Photo: the Clark Dome | Raymond Dake Photography
By Kevin Schindler
In the opening scene of the 1963 epic comedy film, It’s a Mad, Mad, Mad, Mad World, Jimmy Durante’s character, Smiler Grogan, shares the secret of a fortune buried under a “Big W” before (literally) kicking the bucket. Following a madcap pursuit across California, everyday people turned treasure hunters find that the Big W is a quartet of leaning palm trees growing in a w-shaped pattern. The scene was shot in Rancho Palos Verdes, where the real-life trees have long since died. But, like the mythological hunter Orion, who after his death was elevated to the heavens and survives in the form of a constellation, a Big W of stars punctuates the night sky as part of a constellation that boasts a variety of astronomical treasures. Among these stars, nebulae, and remnants of cataclysmic explosions is the Owl Cluster, a distinct collection of stars popular among sky watchers for its elegance and stark beauty.
The Owl Cluster is officially recognized in astronomical circles by its catalog number, NGC 457. This means it’s the 457th entry in the New General Catalog, a register of some 7,800 “deep sky” objects—astronomical bodies, other than individual stars, outside of our solar system and including galaxies, nebulae, star clusters, and the like.
NGC 457 is located beneath the Big W of stars that dominates the constellation Cassiopeia, the queen of Ethiopia. British astronomer William Herschel first detected it in 1787, six years after his more famous discovery of the planet Uranus. Located 7,900 light years from our solar system, it is an open star cluster that formed about 21 million years ago, when camels ran wild across the western portion of modern-day Arizona (long after these animals left the area, explorer Edward Beale brought their descendants back during his 1857 construction of a wagon road that passed through Flagstaff).
NGC 457 is an open, or galactic, star cluster, a group of hundreds to thousands of physically related stars located in the spiral arms of galaxies like our Milky Way. The stars are relatively young and sometimes still surrounded by gas and dust left over from their formation. They developed together during a burst of star formation but over time will gradually disperse. Astronomers have identified more than 1,100 such clusters in the Milky Way, though this is likely just a fraction of the total that number that exists.
Open clusters are different than another type of star cluster—globulars—in a number of ways. Opens are much younger (less than 10 billion years old; globulars are more than 11 billion years old), have far fewer stars (hundreds to thousands, rather than tens to hundreds of thousands), and are located in spiral arms emanating from the central bulge of galaxies (globulars tend to live in a spherical halo that spreads beyond the periphery of the central regions).
NGC 457 is not quite visible to the unaided eye, but is quite striking through binoculars or a small telescope. It is highlighted by two bright foreground stars—stars that are not actually part of the cluster, but lie in the line of sight between Earth and the cluster.
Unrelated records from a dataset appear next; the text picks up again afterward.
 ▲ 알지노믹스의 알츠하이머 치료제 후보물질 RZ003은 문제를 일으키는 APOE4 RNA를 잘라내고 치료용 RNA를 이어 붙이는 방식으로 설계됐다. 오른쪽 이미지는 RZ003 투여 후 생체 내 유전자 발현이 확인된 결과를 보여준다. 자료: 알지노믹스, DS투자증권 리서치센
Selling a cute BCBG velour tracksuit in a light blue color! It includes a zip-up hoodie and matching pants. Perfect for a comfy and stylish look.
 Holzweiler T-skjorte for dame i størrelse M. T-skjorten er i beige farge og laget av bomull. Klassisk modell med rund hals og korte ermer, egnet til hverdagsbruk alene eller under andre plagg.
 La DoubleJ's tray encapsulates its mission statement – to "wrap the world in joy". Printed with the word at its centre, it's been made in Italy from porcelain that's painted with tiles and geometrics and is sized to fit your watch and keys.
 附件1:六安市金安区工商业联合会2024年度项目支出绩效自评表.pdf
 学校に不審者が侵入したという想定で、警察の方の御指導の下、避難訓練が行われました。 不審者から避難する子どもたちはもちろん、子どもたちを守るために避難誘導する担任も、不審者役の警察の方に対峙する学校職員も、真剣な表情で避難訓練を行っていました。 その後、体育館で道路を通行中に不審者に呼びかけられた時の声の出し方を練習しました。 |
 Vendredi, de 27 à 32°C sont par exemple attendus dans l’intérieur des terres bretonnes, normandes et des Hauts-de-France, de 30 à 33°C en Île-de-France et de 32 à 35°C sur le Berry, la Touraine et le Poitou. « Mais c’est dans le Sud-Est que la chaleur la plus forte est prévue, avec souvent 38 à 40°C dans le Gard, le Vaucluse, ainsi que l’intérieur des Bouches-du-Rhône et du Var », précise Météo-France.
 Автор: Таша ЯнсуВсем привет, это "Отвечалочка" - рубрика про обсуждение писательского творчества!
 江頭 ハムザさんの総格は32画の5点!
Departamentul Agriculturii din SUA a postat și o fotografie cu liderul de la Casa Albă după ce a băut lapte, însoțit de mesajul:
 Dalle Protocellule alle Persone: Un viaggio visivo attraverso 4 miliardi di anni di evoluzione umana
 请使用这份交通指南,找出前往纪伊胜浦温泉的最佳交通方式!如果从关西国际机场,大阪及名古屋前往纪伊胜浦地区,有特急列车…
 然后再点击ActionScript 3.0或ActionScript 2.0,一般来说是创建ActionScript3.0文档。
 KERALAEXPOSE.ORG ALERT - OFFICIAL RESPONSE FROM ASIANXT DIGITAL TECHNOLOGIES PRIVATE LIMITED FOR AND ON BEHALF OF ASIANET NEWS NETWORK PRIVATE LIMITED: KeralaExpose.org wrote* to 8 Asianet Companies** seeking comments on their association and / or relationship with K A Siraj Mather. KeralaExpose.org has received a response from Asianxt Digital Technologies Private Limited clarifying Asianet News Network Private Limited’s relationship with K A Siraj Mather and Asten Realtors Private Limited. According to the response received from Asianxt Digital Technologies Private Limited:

The distinct arrangement of this pair, along with the fainter cluster stars, forms a pattern that some people think looks like an owl with its wings outstretched—thus the name Owl Cluster. The pattern has also given rise to other nicknames, including the Kachina Doll Cluster, ET Cluster (as in ET, the movie character), the Dragonfly Cluster, and the Skiing Cluster. No matter what we call it, this collection of stars is a visual and scientific treasure in Cassiopeia and worth exploring.